Flood walls are architectural structure designed to contain water from lakes, rivers or other waterways in the event that they rise to abnormal levels. Flood walls differ from drainage canals primarily because of how they're used. Flood walls are more common in areas where space is limited or where larger designs may interfere with existing buildings, businesses or other structures. Though very useful, flood walls have limitations and disadvantages.
Flood walls are the preferred choice for narrow areas. Though they may be built to any height, due to cost, aesthetics and several other factors, the height is generally limited to approximately 1.2 m (4 feet). This height may not be sufficient if water levels rise higher that what is expected. After three or four days, water will begin to seep through the structure, meaning a flood wall is not enough for extended periods of flooding. If failure does occur, the resulting damage is the same as if there is no protection.

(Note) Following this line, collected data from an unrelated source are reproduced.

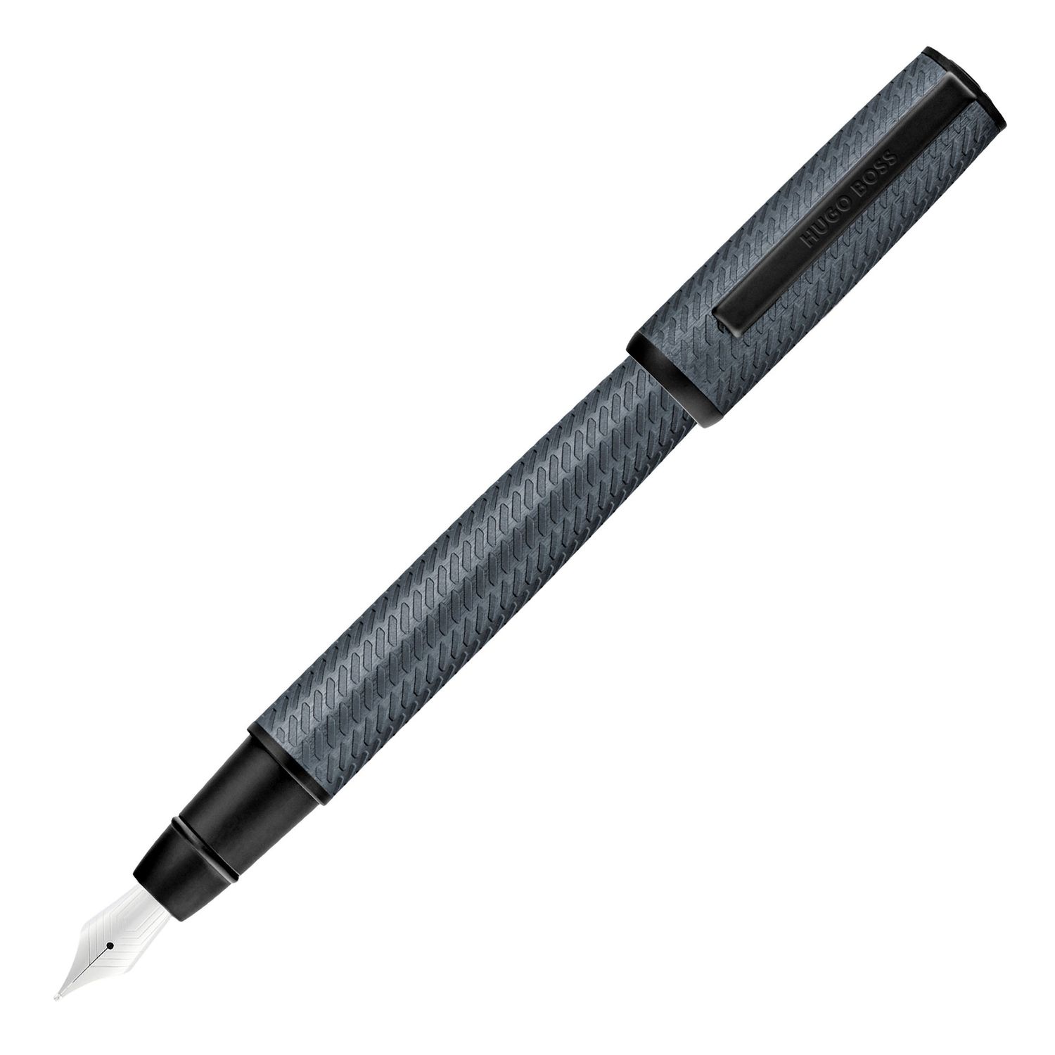 The Arche Pattern pen introduces a modern tapered silhouette, elevated by an innovative brushed-aluminum surface engraved with a pattern inspired by activewear mesh. Designed for a distinctly modern and innovative feel, it is finished in dark grey with black trims, a Double B signature at the top, and a clip adorned with the HUGO BOSS logo. The combination of technical texture and deep tones delivers a refined, futuristic expression.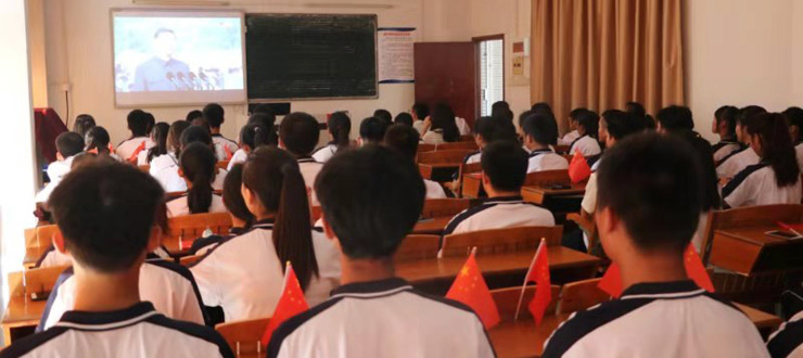 我校师生集体观看新中国成立70周年阅兵和群众游行直播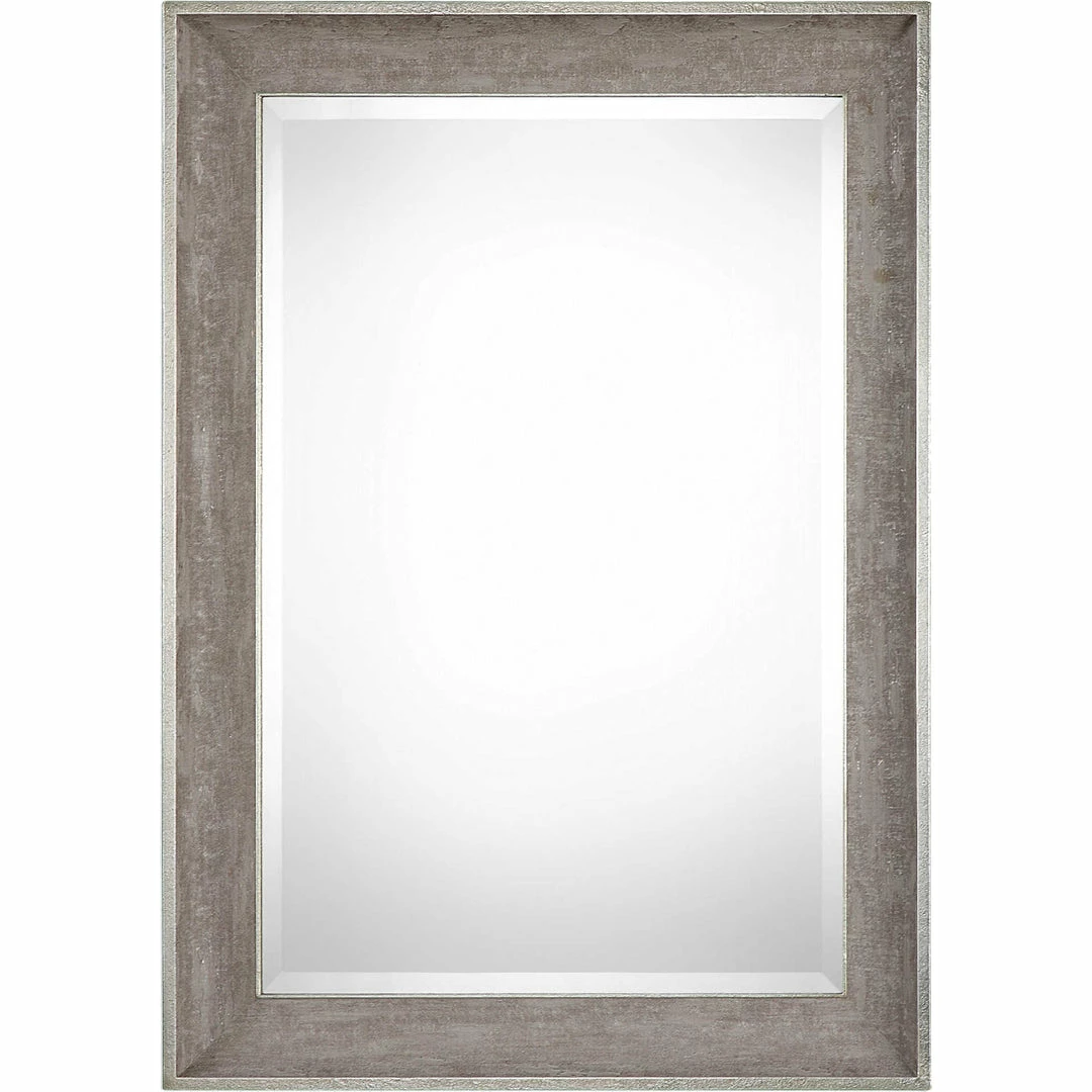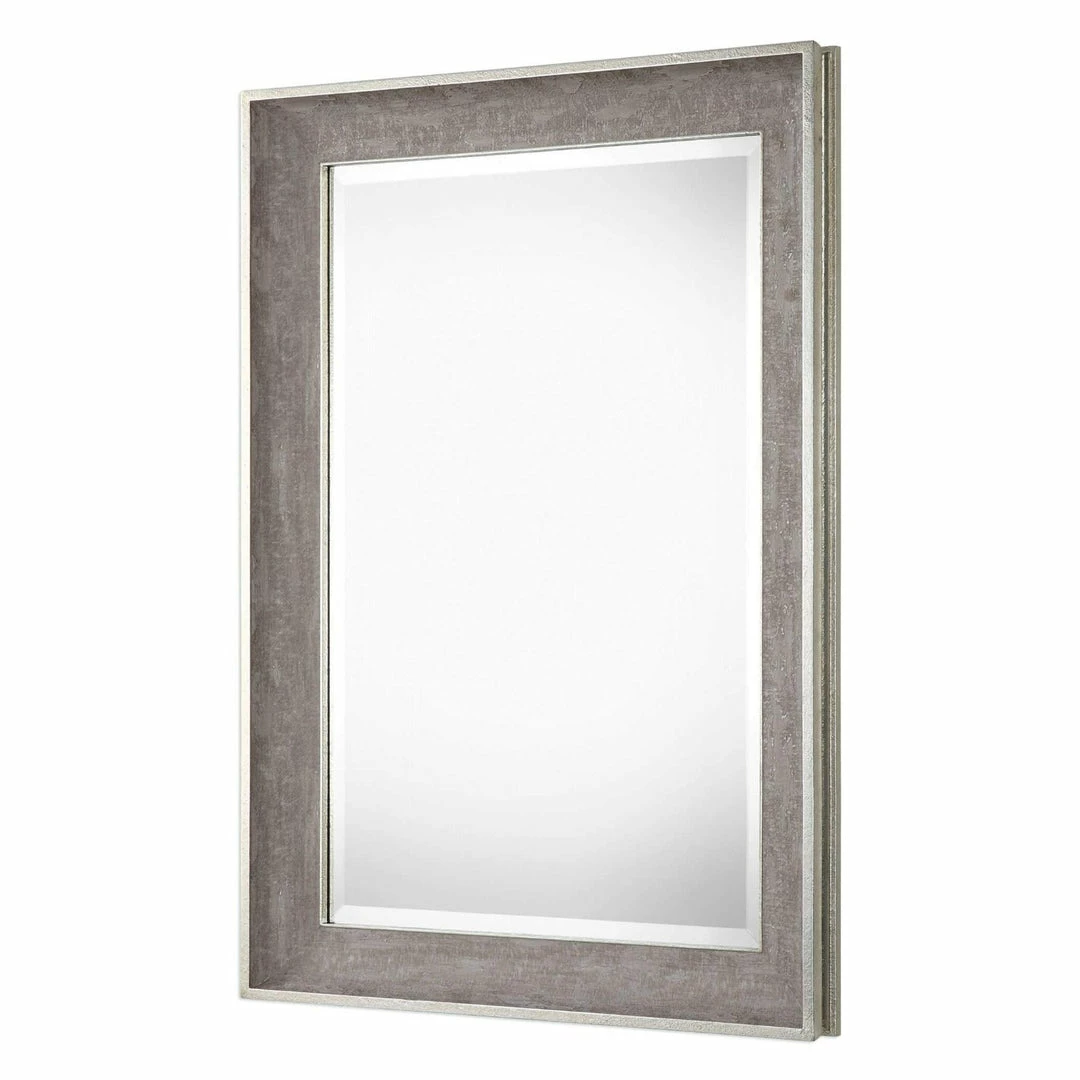 The solid pine frame of the Corrado features a sloped profile with a heavily textured warm gray wrapped finish for a rustic appearance. Accented with metallic silver inner and outer edges, this mirror features a generous 1 1/4″ bevel.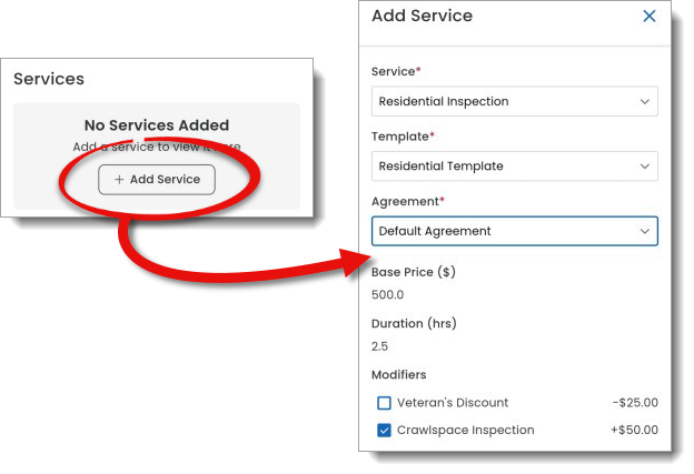 Click + Add Service in the Services section to adjust various options for the inspection: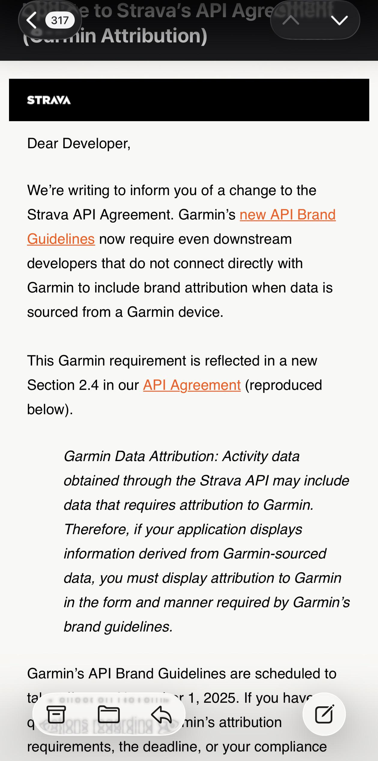 This is the next step on Strava’s side of the climbdown, as it became the obvious next move after the company told its partners last week that they also had to comply with Garmin’s API citation, as shown by the following message to developers.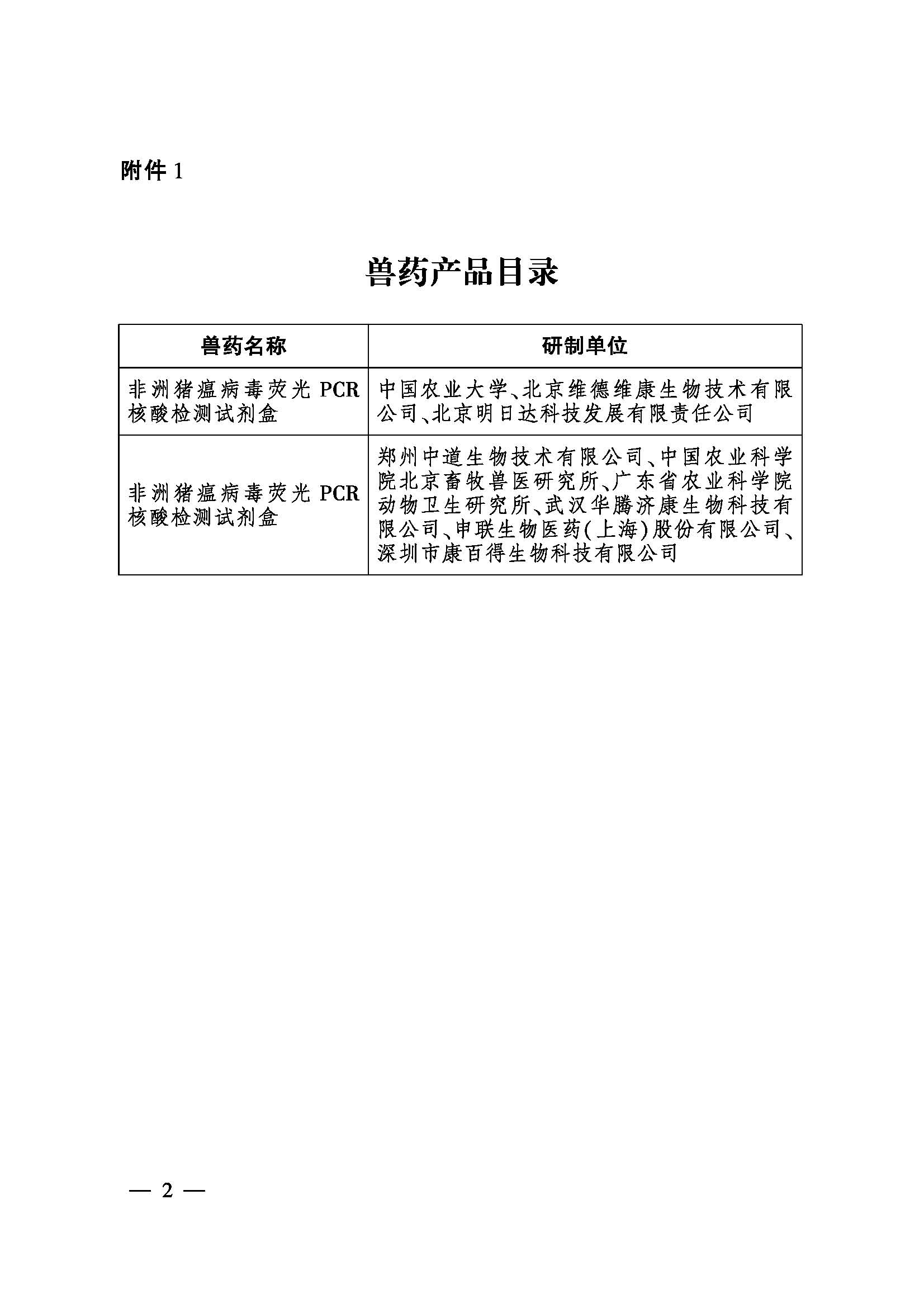 根据农业农村部 2020 年 1 月 10 日发布的第 254 号公告,公司与其他单位联合研制的“非洲猪瘟病毒荧光 PCR 核酸检测试剂盒”兽药产品获得农业农村部批准。

The design and application of a flood wall must be executed very carefully, as a structure that is poorly or incorrectly designed could have disastrous consequences. Among the most serious consequences is damage to local drainage, which may lead to flooding of other towns or cities. A single flood wall should be used as part of a well-designed flood plan, part of which will include a way to redirect water without causing other problems.
Most modern flood walls are traditionally built using concrete that may or may not also include masonry work. This material is substantial enough to stay strong against heavy water pressure without breaking or being upended. The cost of concrete, particularly in such large amounts, may cause serious strain on a budget. According to Louisiana State University, the cost of building a 1.2 m (4 foot) flood wall as of 1998 was approximately £78 per linear foot. This figure doesn't include the annual cost of maintenance and repairs if necessary.
Evacuation and insurance
In areas where flooding is a fairly regular occurrence, flood walls will not be enough to prevent evacuation. Flood walls are also ineffective at reducing the cost of flood insurance for homeowners in areas prone to flooding. Though helpful, these structures don't always cure flooding problems. One example of this is the flood wall and levee failures of New Orleans, Louisiana, during Hurricane Katrina. This event showed that no matter how prepared, flood walls may not be enough to prevent serious damage, and that regular maintenance and care is an essential part of keeping flood walls operational.